Apache Harmony?
By Angsuman Chakraborty, Gaea News NetworkTuesday, January 3, 2006
In the new year lets look back to Apache Harmony, the much publicised effort to create “open source” J2SE announced in early May last year.
After eight months there is still nothing to show, no downloads. The website is sparsely populated. Only four contributors are listed (where is the fulltime IBM employee?). The only recognizable company of two listed is Intel. Intel developing JVM? That ought to tell you about the current state of affairs.
The roadmap is non existent. Personally I expected at least to find the roapmap.
The FAQ is lame. The only item which raised my eyebrows was:
10) Do you have any code to start?
———————————–No, we don’t.

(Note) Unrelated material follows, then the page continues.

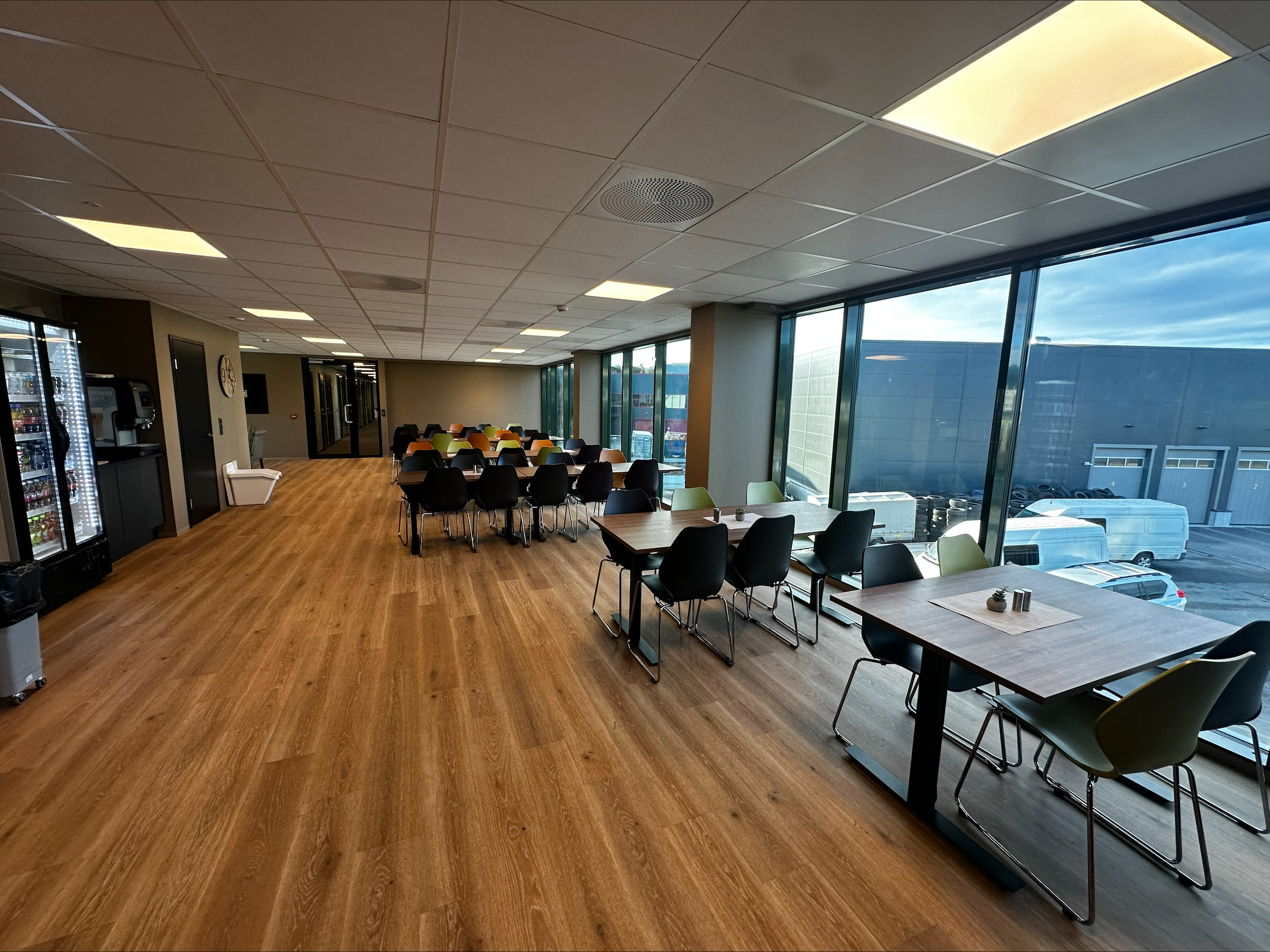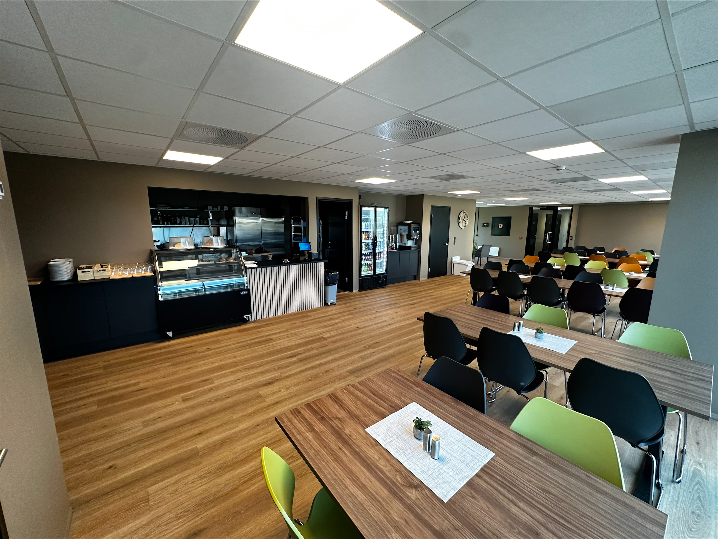 Kantinen har sitteplasser til opptil 50 personer og passer perfekt til selskaper, møter og arrangementer.

We didn’t want to “bless” any given implementation that might be donated (if such a thing could happen) but would rather let the community decide how it will create and develop the platform.
The only thing worth noting is the herculean barrier they have placed to become a contributor to this project.

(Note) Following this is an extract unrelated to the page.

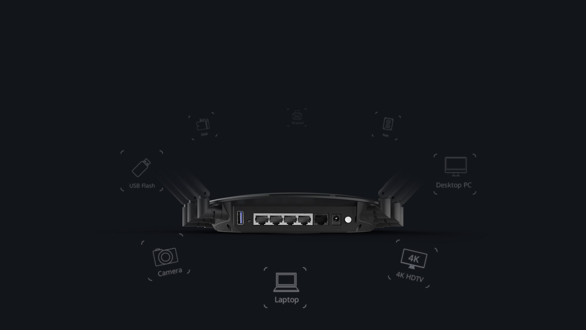 Vijf Gigabit Ethernet-poorten, 10x sneller dan Fast Ethernet, deze kunnen worden samengevoegd om de verbindingssnelheid naar bekabelde computers, printers en andere netwerkapparaten te verdubbelen met ultrasnelle bekabelde snelheden.

First you have to complete a “standard” Apache individual contributor license agreement.
To become an Authorized Contributor, each committer is required to complete the
Authorized Contributor Questionnaire and submit to the
Harmony PMC. Also each committer is “encouraged” to have their employer execute a
Apache Corporate Contributor License Agreement. It surely smells like IBM. It is probably easier for an Al Queda operative to join FBI or be a whitehouse intern.
There is no timeline anywhere. Can we at least expect it in this decade?
In my humble opinion - The King is Dead; Long Live The King.